■ **BRIEF**:
Nothing outside the lines below from the one containing "片山先生は、信州の伝統野菜「" through the one containing "三浦梅園の名言「足の皮は厚き" is to be printed; print those exactly, ends included, and drop the pictures.

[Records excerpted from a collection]
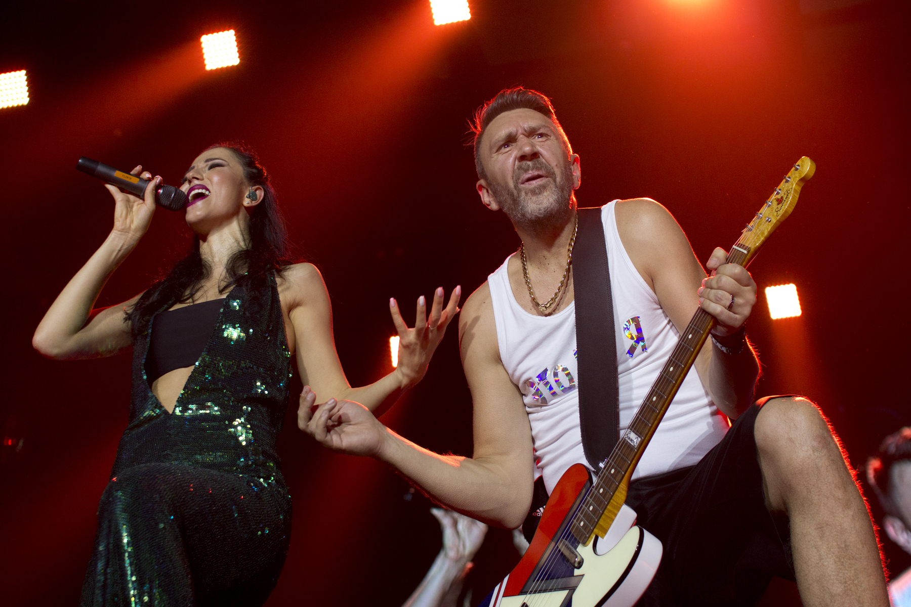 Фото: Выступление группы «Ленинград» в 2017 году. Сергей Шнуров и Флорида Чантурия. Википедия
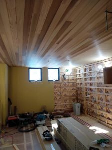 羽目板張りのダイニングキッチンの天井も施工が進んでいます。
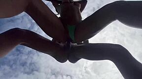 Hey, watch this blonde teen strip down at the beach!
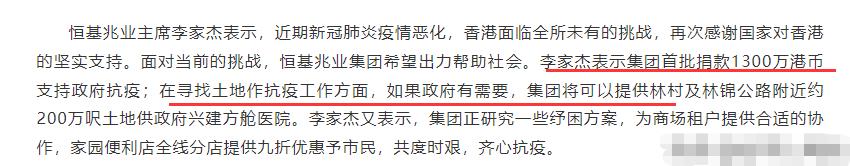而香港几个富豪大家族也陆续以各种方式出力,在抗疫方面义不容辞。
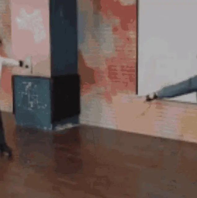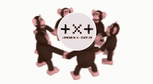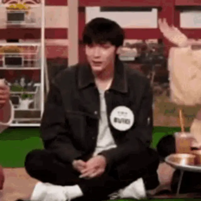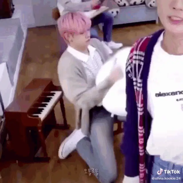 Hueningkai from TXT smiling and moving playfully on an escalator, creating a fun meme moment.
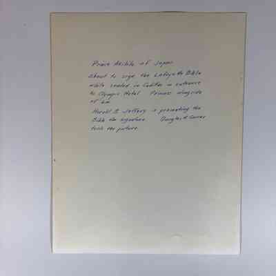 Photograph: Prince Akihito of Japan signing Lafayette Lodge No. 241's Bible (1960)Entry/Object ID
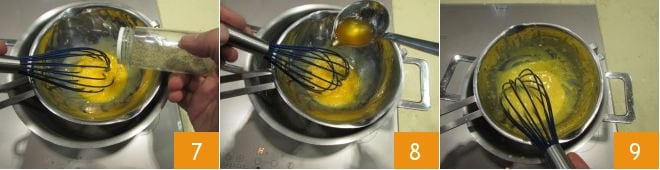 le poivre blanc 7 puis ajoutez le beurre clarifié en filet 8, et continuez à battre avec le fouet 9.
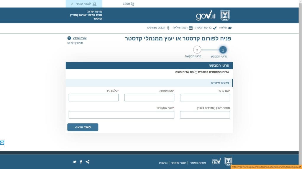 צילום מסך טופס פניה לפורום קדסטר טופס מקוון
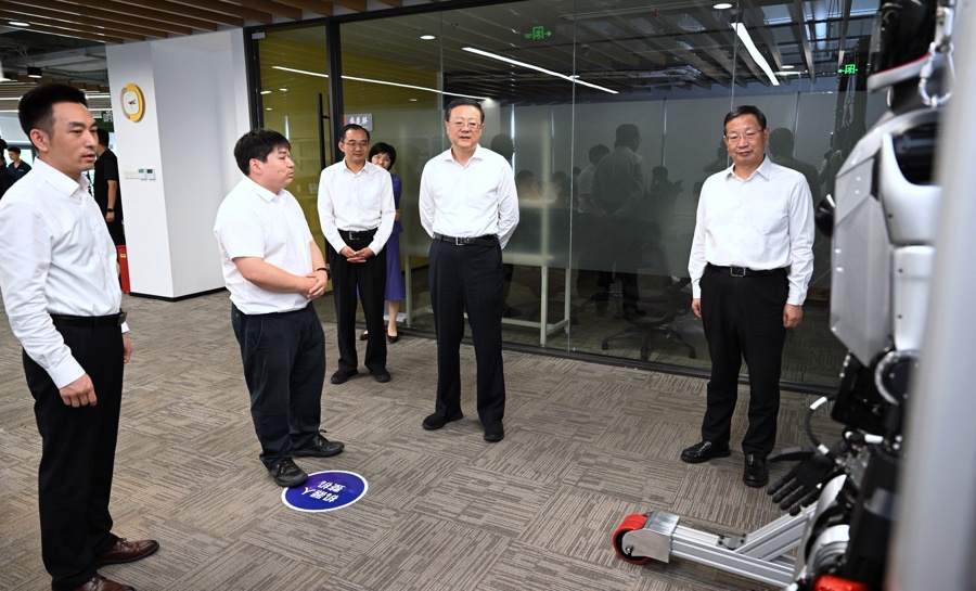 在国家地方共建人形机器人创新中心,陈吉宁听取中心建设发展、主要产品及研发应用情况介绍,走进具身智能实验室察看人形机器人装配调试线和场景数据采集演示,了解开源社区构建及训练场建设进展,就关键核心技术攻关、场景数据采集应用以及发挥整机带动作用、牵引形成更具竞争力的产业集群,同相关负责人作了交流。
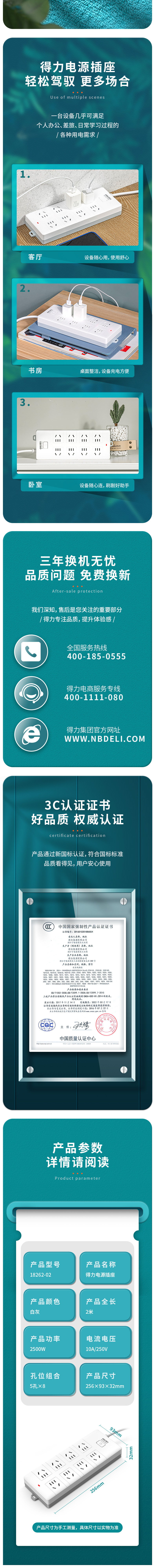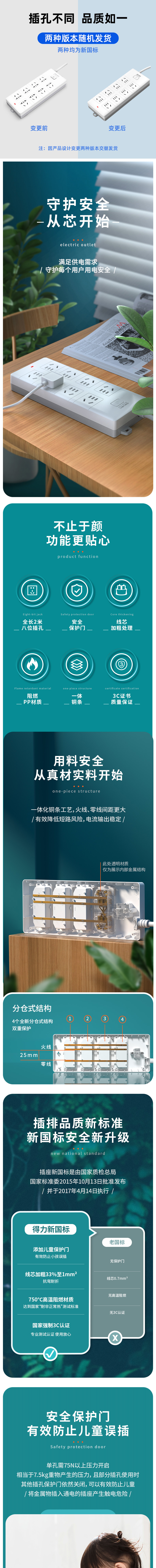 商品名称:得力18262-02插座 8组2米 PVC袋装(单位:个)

...

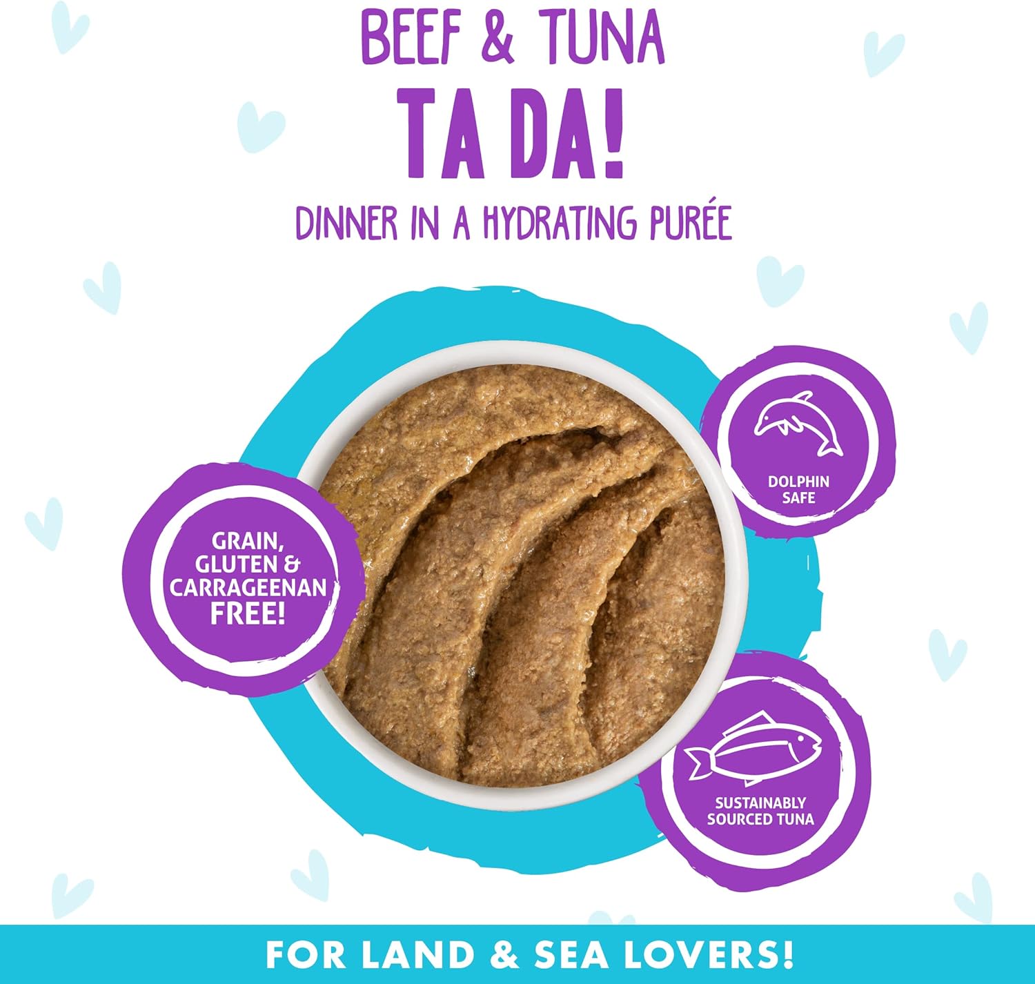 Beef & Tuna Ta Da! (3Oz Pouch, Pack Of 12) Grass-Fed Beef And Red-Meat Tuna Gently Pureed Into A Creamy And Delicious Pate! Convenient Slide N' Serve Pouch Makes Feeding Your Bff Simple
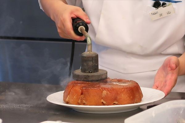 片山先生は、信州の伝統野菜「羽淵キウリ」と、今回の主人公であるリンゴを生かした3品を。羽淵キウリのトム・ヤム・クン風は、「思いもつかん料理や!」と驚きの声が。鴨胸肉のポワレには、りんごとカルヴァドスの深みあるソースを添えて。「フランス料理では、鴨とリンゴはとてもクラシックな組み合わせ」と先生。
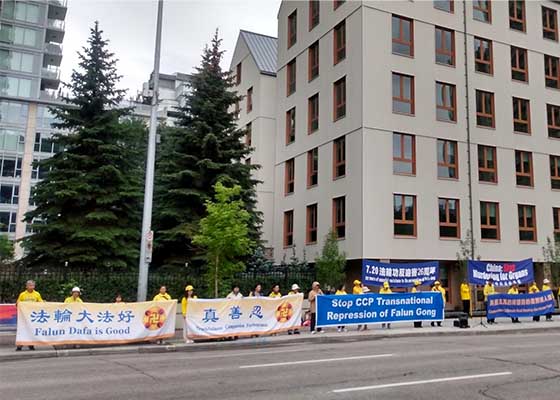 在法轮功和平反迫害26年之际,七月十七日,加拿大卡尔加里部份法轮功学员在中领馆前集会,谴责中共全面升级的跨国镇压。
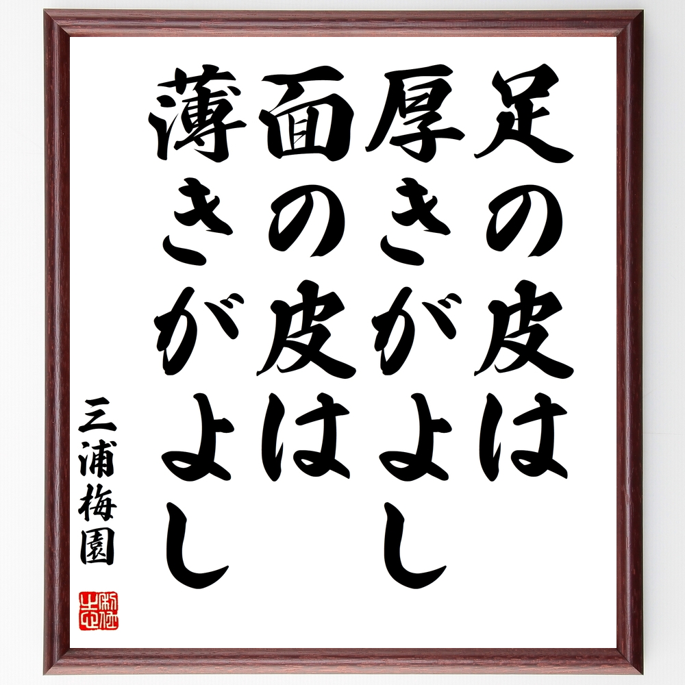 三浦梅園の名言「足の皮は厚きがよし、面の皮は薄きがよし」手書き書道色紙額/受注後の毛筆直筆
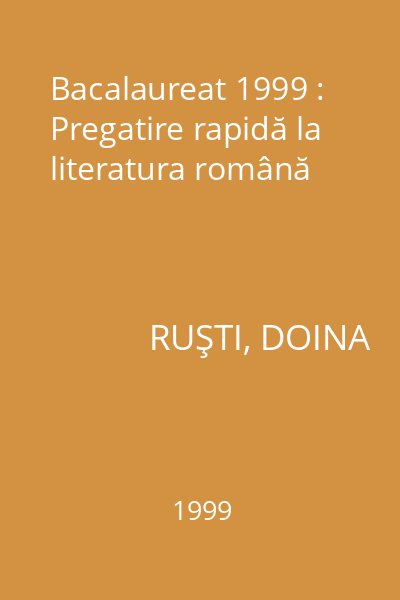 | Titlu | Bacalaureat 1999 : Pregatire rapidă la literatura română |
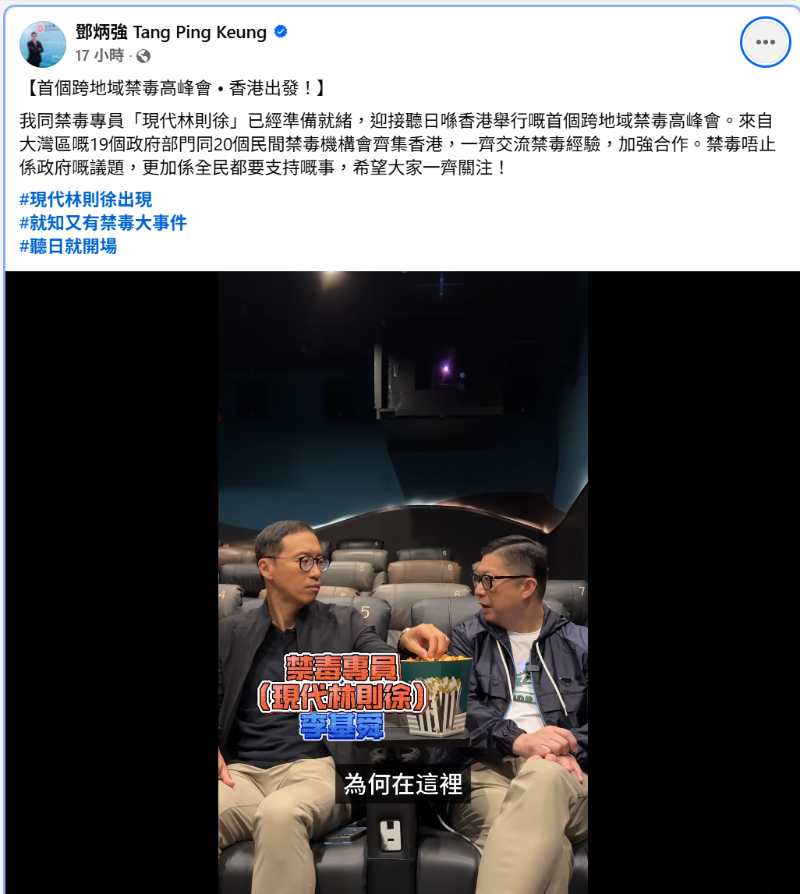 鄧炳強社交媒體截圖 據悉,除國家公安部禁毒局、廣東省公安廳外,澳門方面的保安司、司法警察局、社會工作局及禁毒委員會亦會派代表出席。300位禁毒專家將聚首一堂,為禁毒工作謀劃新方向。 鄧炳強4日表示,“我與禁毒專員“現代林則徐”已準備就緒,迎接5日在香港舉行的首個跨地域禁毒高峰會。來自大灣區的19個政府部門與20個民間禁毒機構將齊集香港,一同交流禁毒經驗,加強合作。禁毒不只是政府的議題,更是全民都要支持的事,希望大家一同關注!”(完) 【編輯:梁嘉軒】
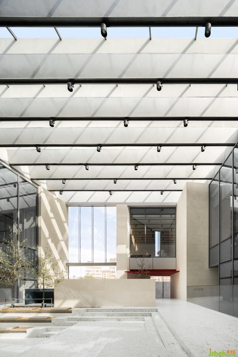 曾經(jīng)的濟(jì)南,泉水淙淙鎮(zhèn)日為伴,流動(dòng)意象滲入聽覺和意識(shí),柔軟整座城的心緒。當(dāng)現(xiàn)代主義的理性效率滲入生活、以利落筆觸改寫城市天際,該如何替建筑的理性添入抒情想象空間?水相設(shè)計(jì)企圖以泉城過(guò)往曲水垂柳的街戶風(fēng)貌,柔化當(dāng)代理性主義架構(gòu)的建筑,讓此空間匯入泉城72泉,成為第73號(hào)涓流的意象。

* * *

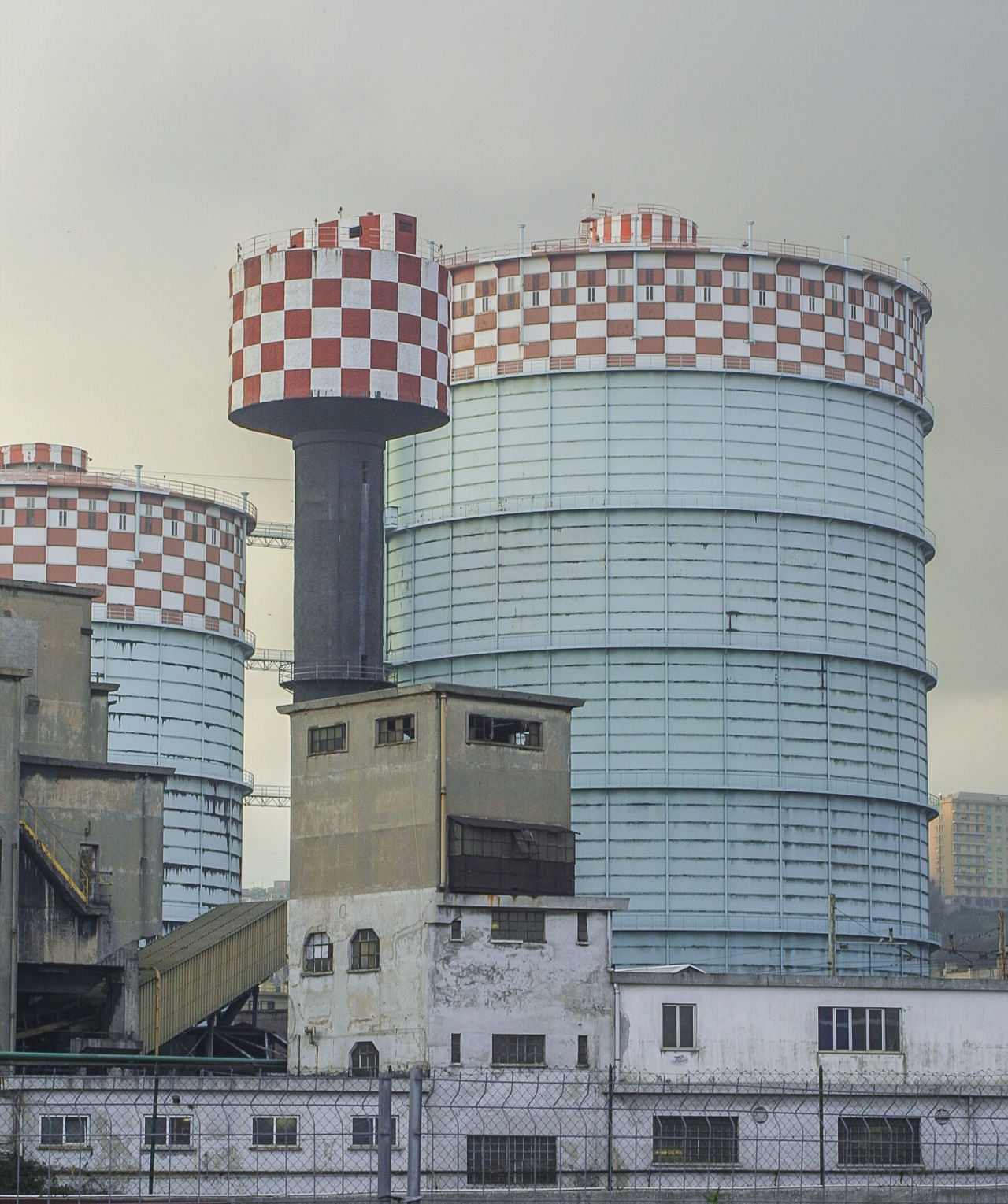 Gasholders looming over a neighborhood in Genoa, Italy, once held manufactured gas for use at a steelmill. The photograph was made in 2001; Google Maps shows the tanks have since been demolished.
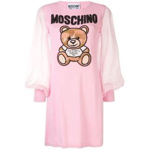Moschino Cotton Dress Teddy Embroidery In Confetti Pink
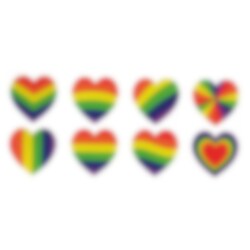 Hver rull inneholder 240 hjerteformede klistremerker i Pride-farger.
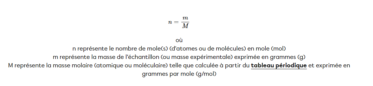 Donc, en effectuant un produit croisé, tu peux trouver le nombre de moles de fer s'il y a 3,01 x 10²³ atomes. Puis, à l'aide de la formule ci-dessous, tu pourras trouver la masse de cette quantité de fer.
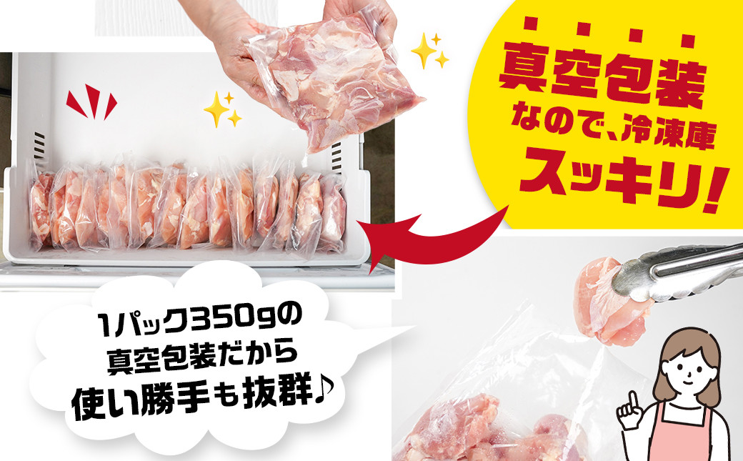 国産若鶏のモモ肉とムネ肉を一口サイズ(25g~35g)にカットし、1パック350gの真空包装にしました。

■ **OUTPUT FOR THIS TASK**:
 片山先生は、信州の伝統野菜「羽淵キウリ」と、今回の主人公であるリンゴを生かした3品を。羽淵キウリのトム・ヤム・クン風は、「思いもつかん料理や!」と驚きの声が。鴨胸肉のポワレには、りんごとカルヴァドスの深みあるソースを添えて。「フランス料理では、鴨とリンゴはとてもクラシックな組み合わせ」と先生。
 在法轮功和平反迫害26年之际,七月十七日,加拿大卡尔加里部份法轮功学员在中领馆前集会,谴责中共全面升级的跨国镇压。
 三浦梅園の名言「足の皮は厚きがよし、面の皮は薄きがよし」手書き書道色紙額/受注後の毛筆直筆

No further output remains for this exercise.